Food inflation will reach 6% by the end of the year – posing an “important challenge” to household budgets as Christmas approaches, predicted industry leaders.
The British Retail Consortium warns that the Chancellor may “make his inflation flames” if it makes taxes in the upcoming budget.
Despite strong competition on prices between supermarket chains, the BRC sounded the alarm on the rhythm of the price increases of the grocery store.
Since this month, food inflation has increased by 4% over a year – its highest level since February 2024.
The BRC said that this increase is linked to global factors, such as high demand and cultivation struggles.
The prices of beef, chicken and tea are among those who have increased the most this year – but part of the blame is also heard at the Chancellor’s door.
The BRC said it was inevitable that a burden of 7 billion pounds Sterling, thanks to changes to national employers’ insurance contributions and minimum remuneration rules after last October budget, had been partly transmitted to customers in the highest price form.

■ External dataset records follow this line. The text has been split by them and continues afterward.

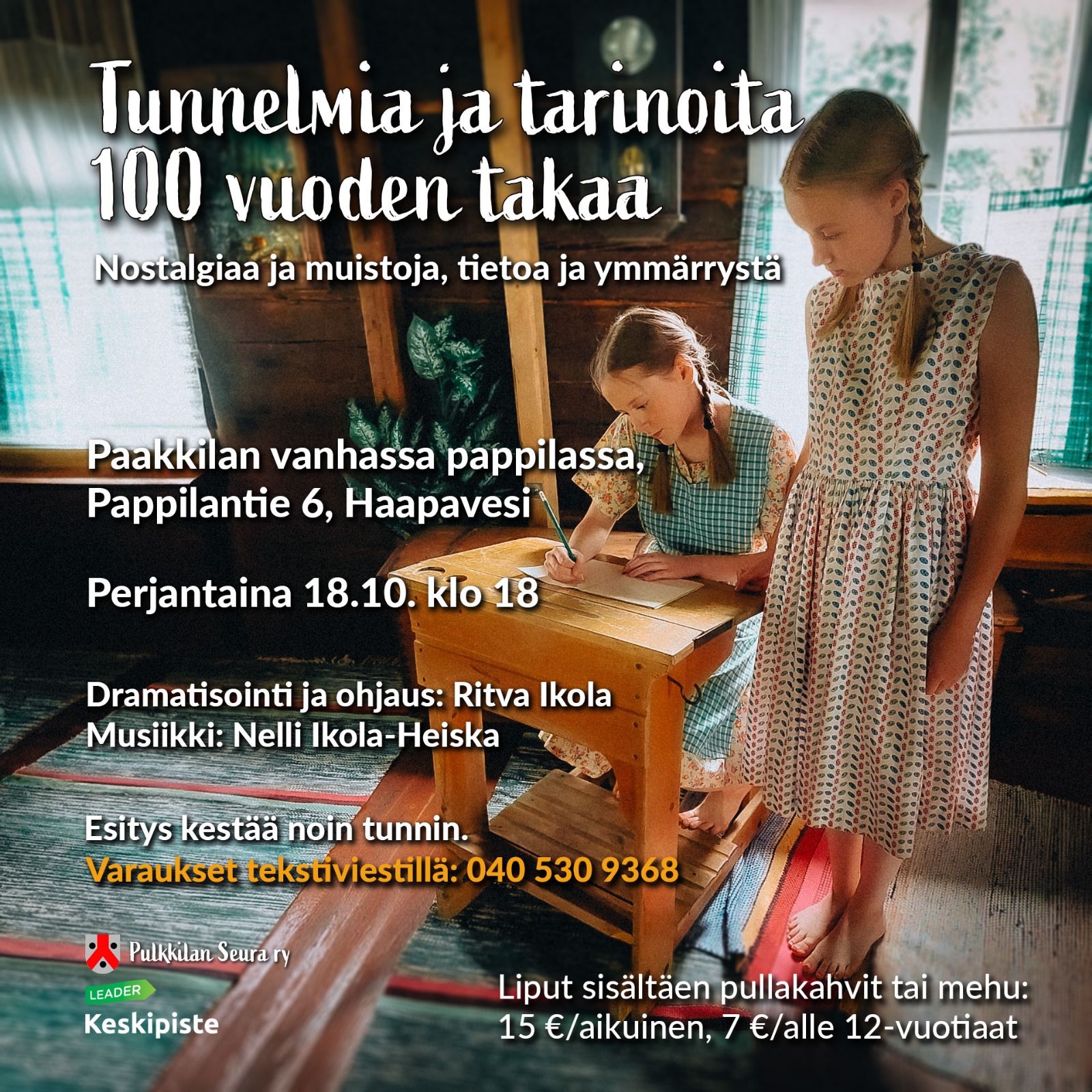 Esitys on koottu pulkkilalaisten lasten 1930-40 vuosien taitteessa kirjoittamista kouluaineista, muista muistiinpanoista ja musiikista.
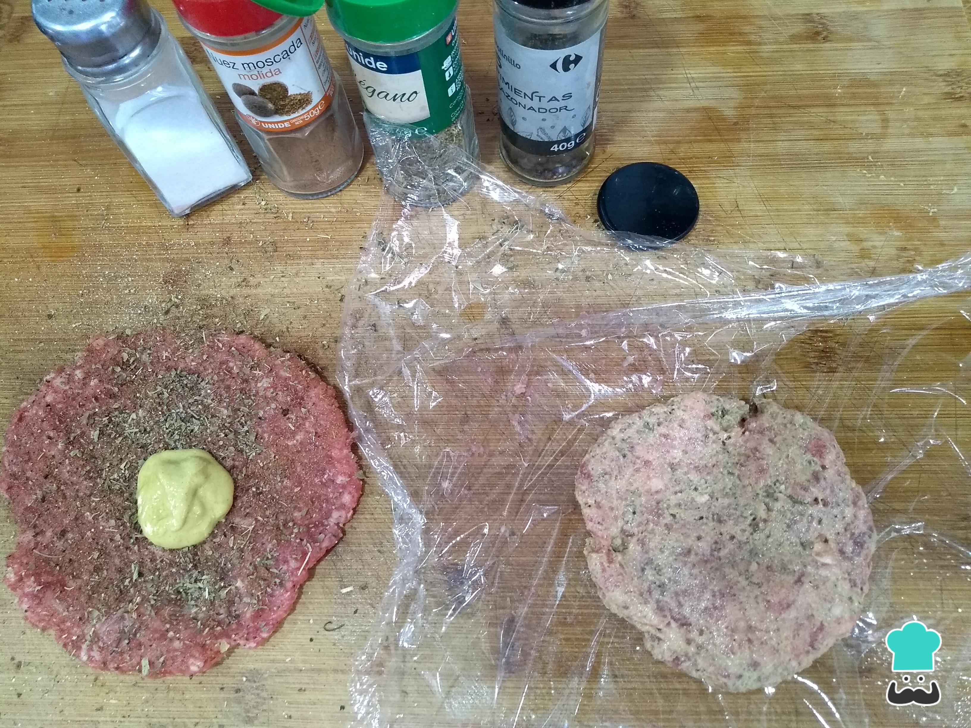 Truco: Si trabajas la carne sobre un trozo de plástico film será mucho más sencillo hacer la forma de la foto.
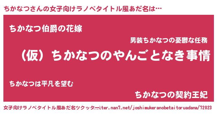 | 男性向けラノベタイトル風あだ名 | 『ちかなつの憂鬱』 |
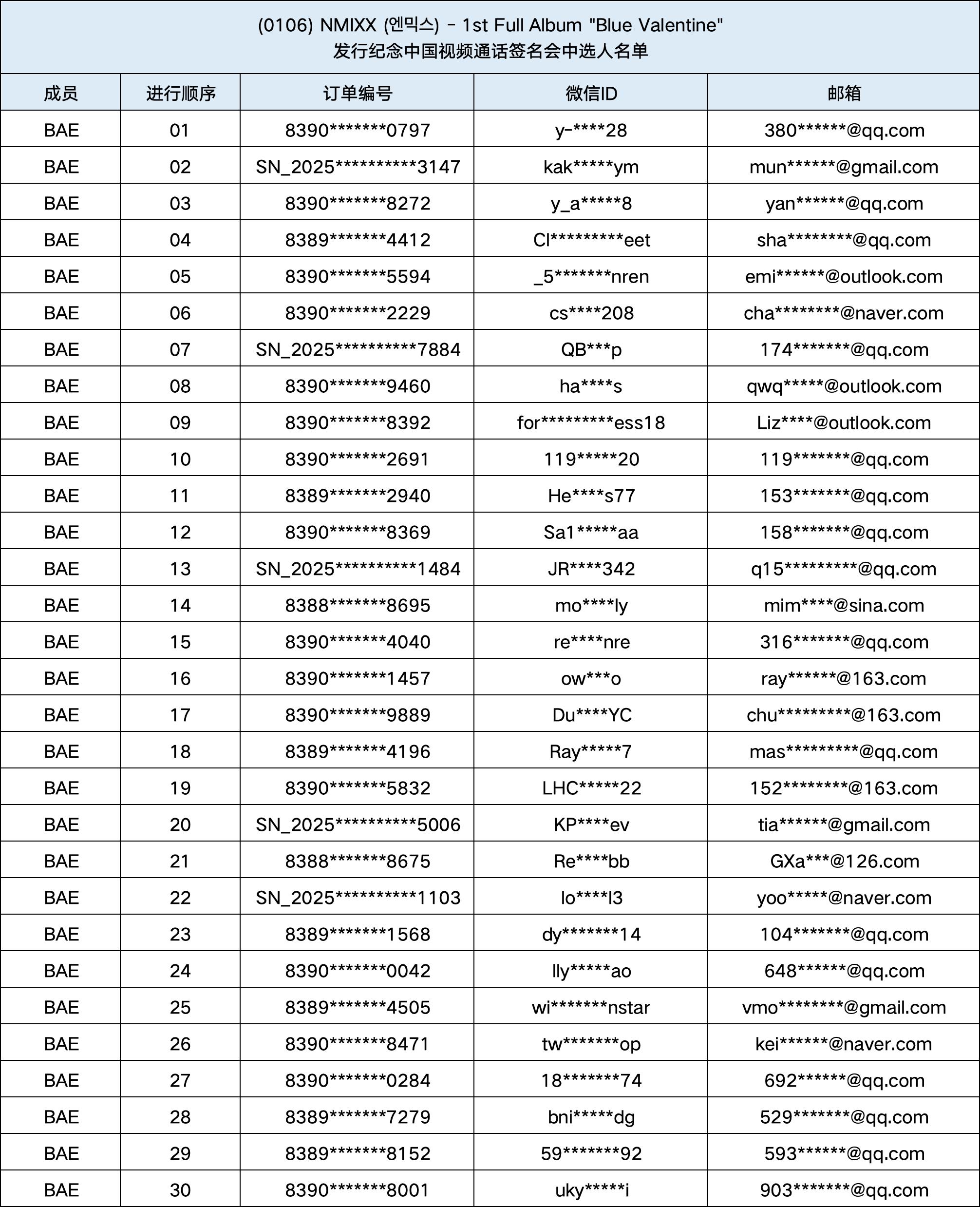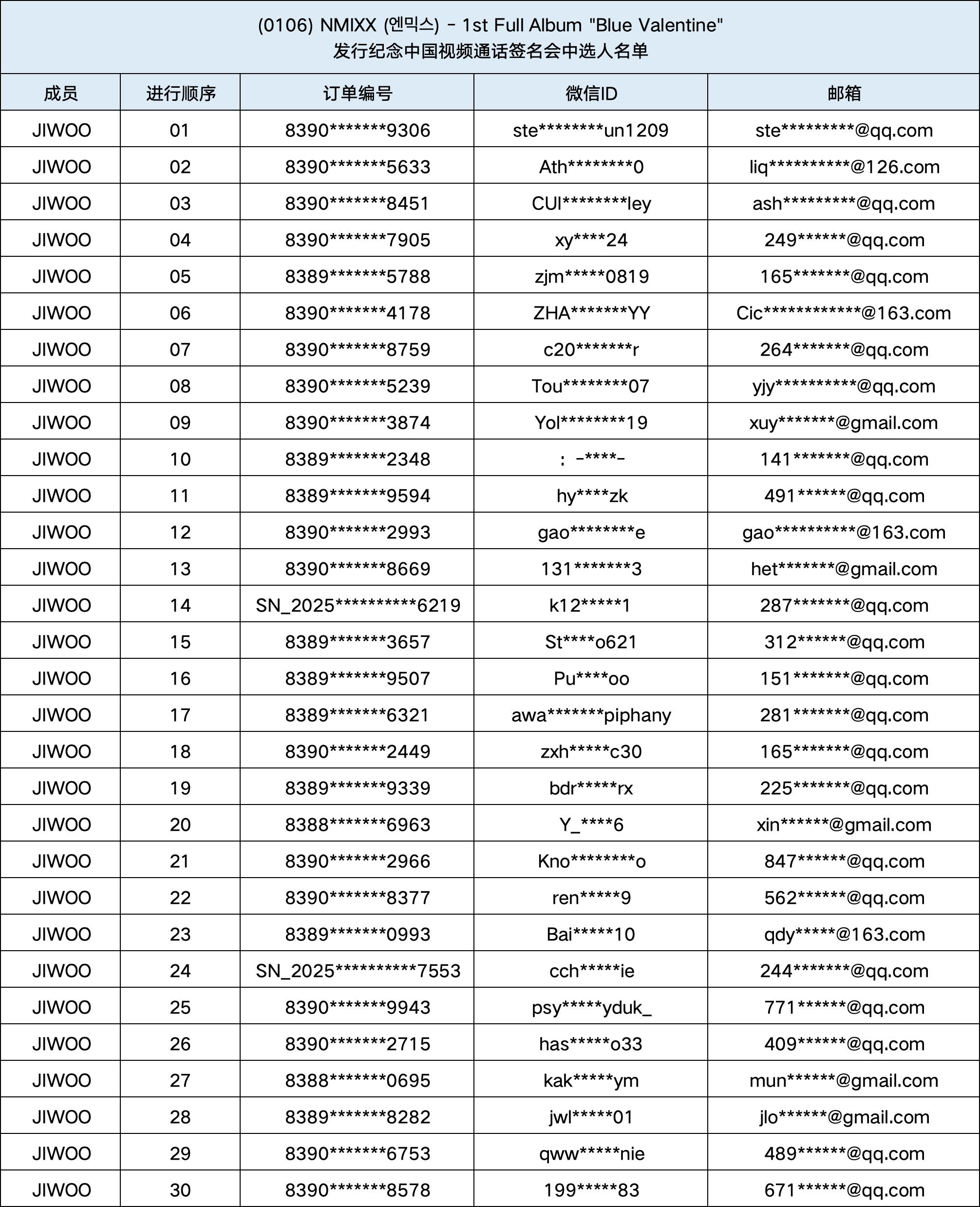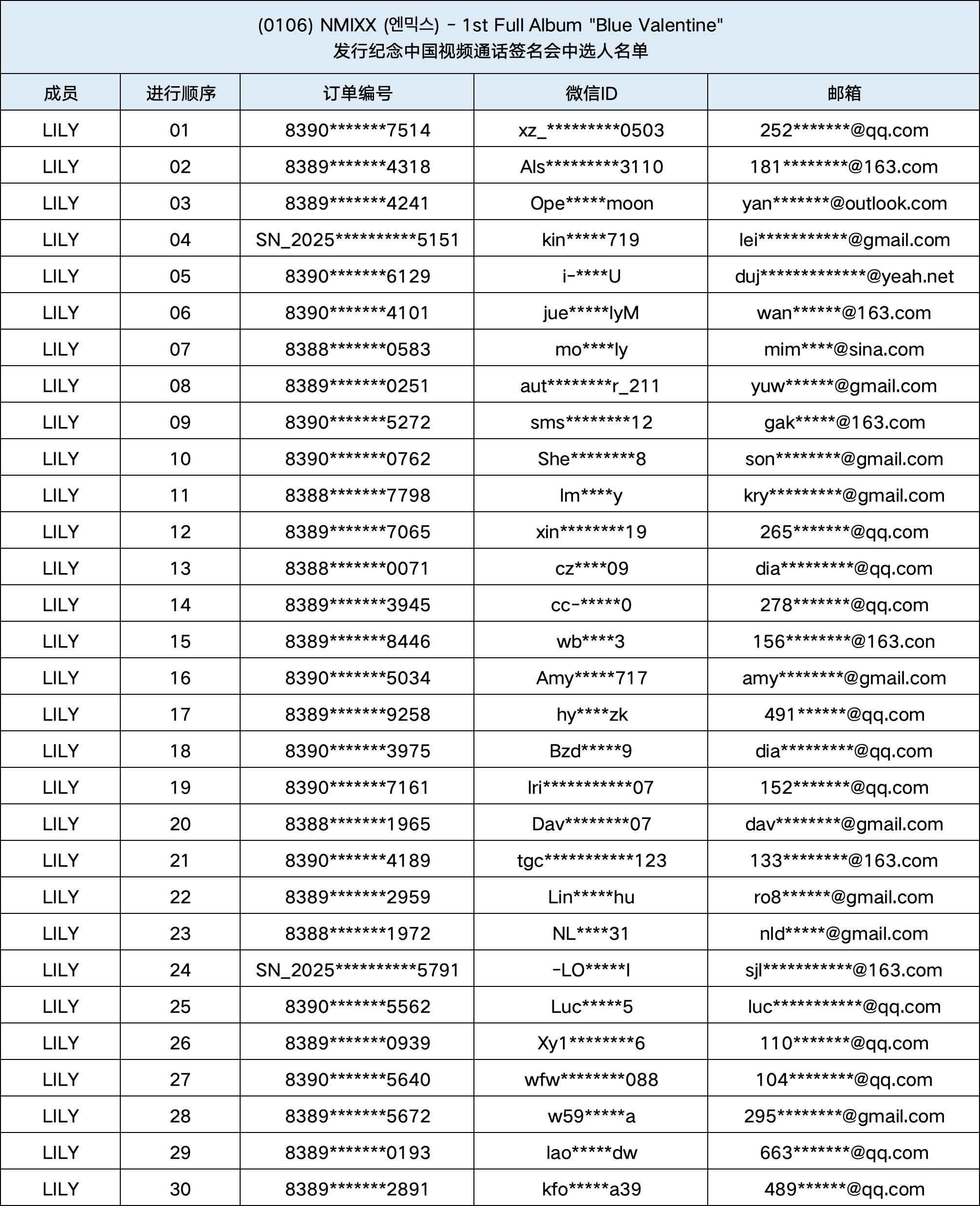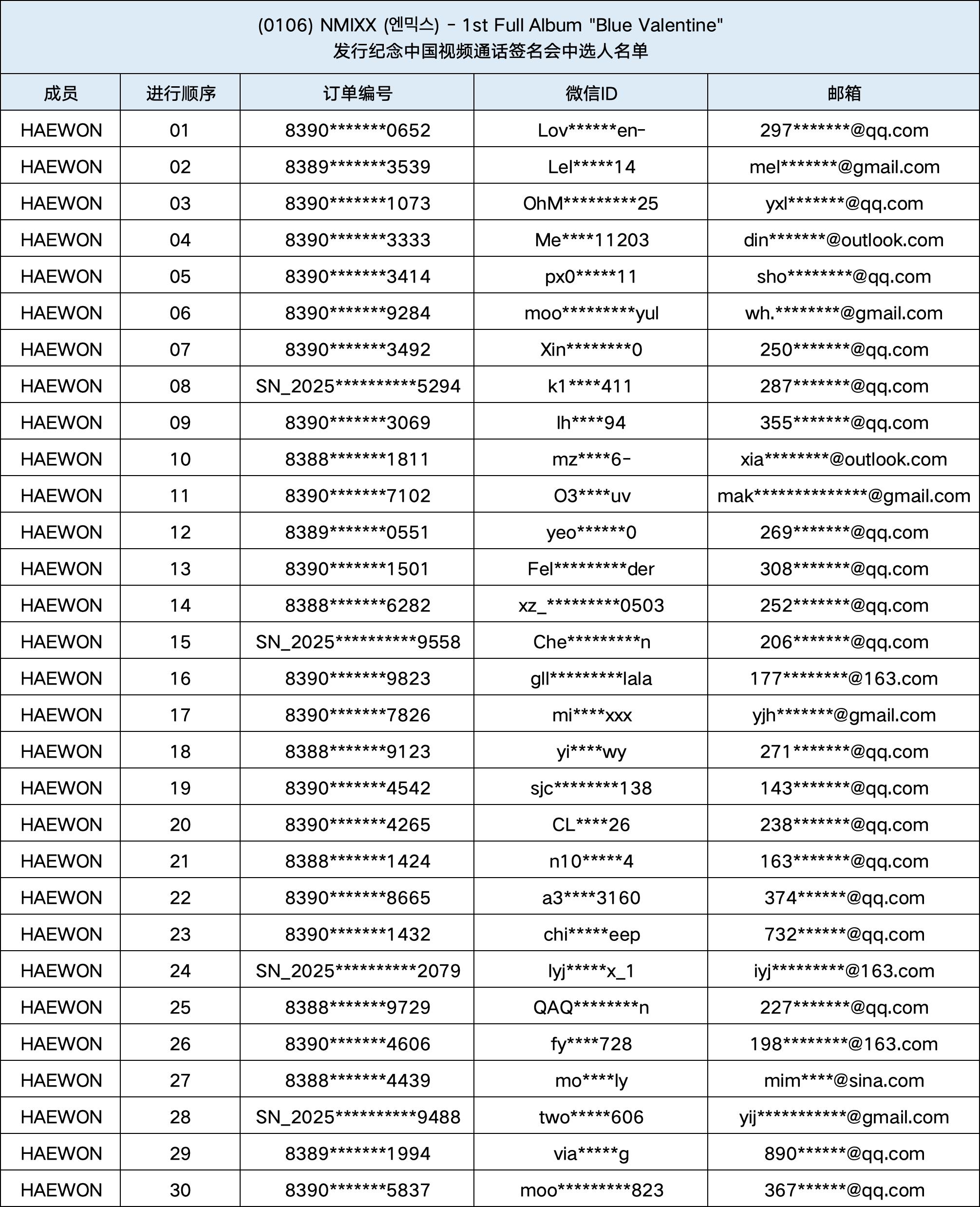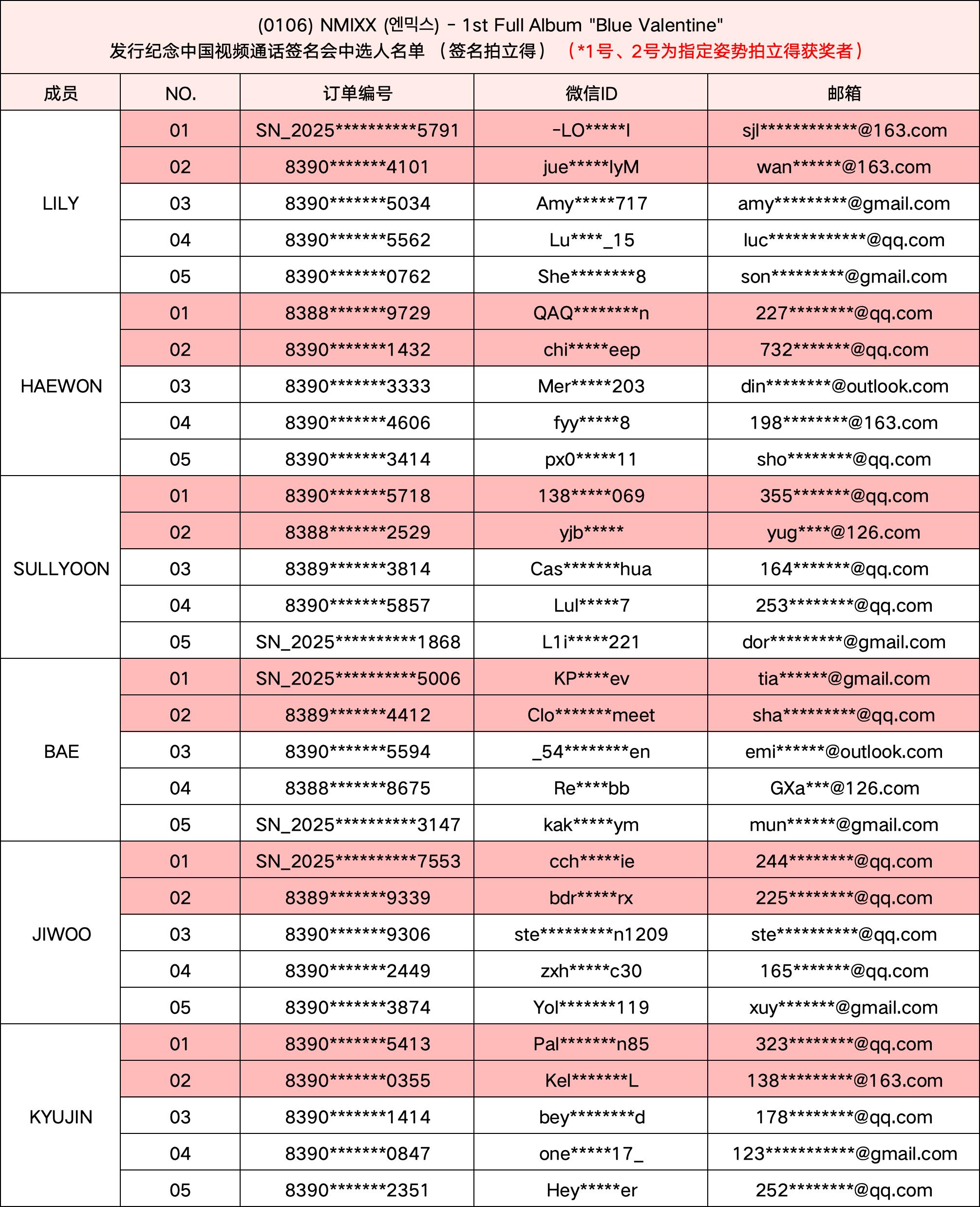 恭喜您中选 (1/6) NMIXX (엔믹스) - 1st Full Album "Blue Valentine" 发行纪念1:1视频通话签名会。
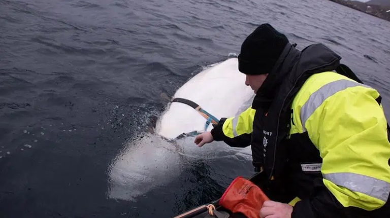 Bien qu’il ne soit pas rare de rencontrer des bélugas dans l’océan, des pêcheurs norvégiens sont récemment tombés sur une baleine blanche qui les a vraiment surpris. Quand le béluga amical s’est approché du bateau des pêcheurs, ils ont remarqué quelque chose d’étrange à son sujet. Ce béluga s’est échoué en pleine mer au large de Hammerfest, en Norvège. L’animal portait un harnais et une fois qu’un pêcheur l’a enlevé, ils ont remarqué qu’il portait l’inscription « Équipement Saint-Pétersbourg ».
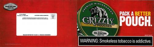 Direct mail received from Grizzly January 2016 promoting their pouch product and containing coupons. Text: "Pack a better pouch. Grab a can today and see why we're America's go-to pouch. Five premium flavors to choose from."
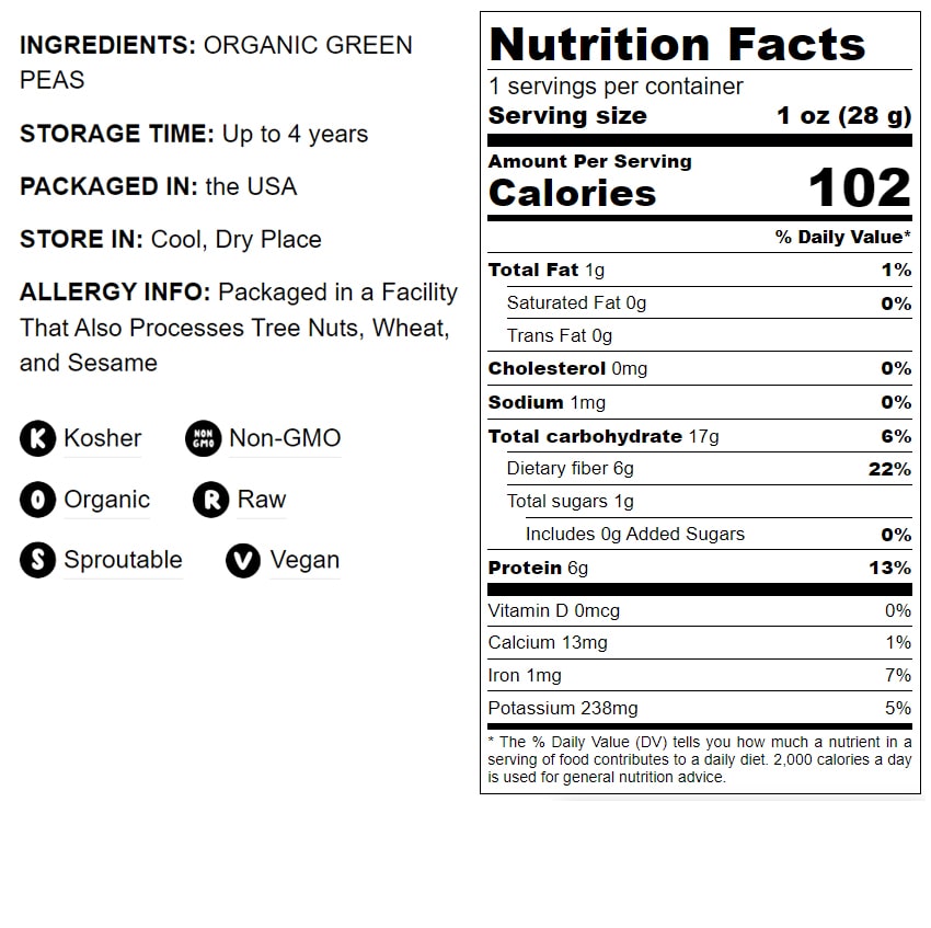 When adding organic dried green peas to your meal plan, remember they give you a sizeable serving of fiber and plant-based proteins, what's there not to like. Also, naturally rich in B vitamins, this plant is a legume by definition; you can count it towards your daily serving of vegetables.

He published the results of a survey of the retail industry finance chiefs to illustrate his point – that the nerves of what Ms. Reeves’ second budget could not help companies to invest in a new job or prices.
We have promised that cases would be spared additional pain after being put to the grip for most of the Chancellor’s taxation measures last year.
However, speculation is now riveted on which will feel pain this fall while it juggles a deterioration in public finances.
An enlarged black hole is estimated at around 20 billion pounds sterling.
The cost of the public debt service has increased since the last budget, while information on social protection reforms and payment reductions in winter fuel have made its work even more difficult – which makes additional tax measures inevitable.
The survey of financial directors for the BRC showed that the highest current fear of coming concerned the “tax and regulatory burden”.
Two-thirds of financial directors predicted that new price increases during the coming year, at a time when inflation of the head rate remains already blocked above the Bank of England by 2%.
It is currently 3.6%.
Helen Dickinson, Director General of BRC, said: “Retail was squarely in the last budget shooting line, the industry struck by 7 billion pounds sterling in new costs and taxes.
“The retailers have done everything they can to protect their customers from higher costs, but given their thin margins and the increase in the costs of staff employment, the price increases were inevitable.
“The consequences are now felt by households because many have trouble dealing with the increase in the cost of their weekly store.
“It is up to the Chancellor to decide to make flames of inflation or support the daily economy by supporting rue Haute and the local jobs they provide.”
It concluded: “Retail trade represents 5% of the economy, but currently pays 7.4% of commercial taxes and 21% of all commercial prices.
“It is essential that upcoming reforms offer a significant reduction in the retail rate bill and guarantees that no store pays more due to changes.”
The treasure was approached for comments.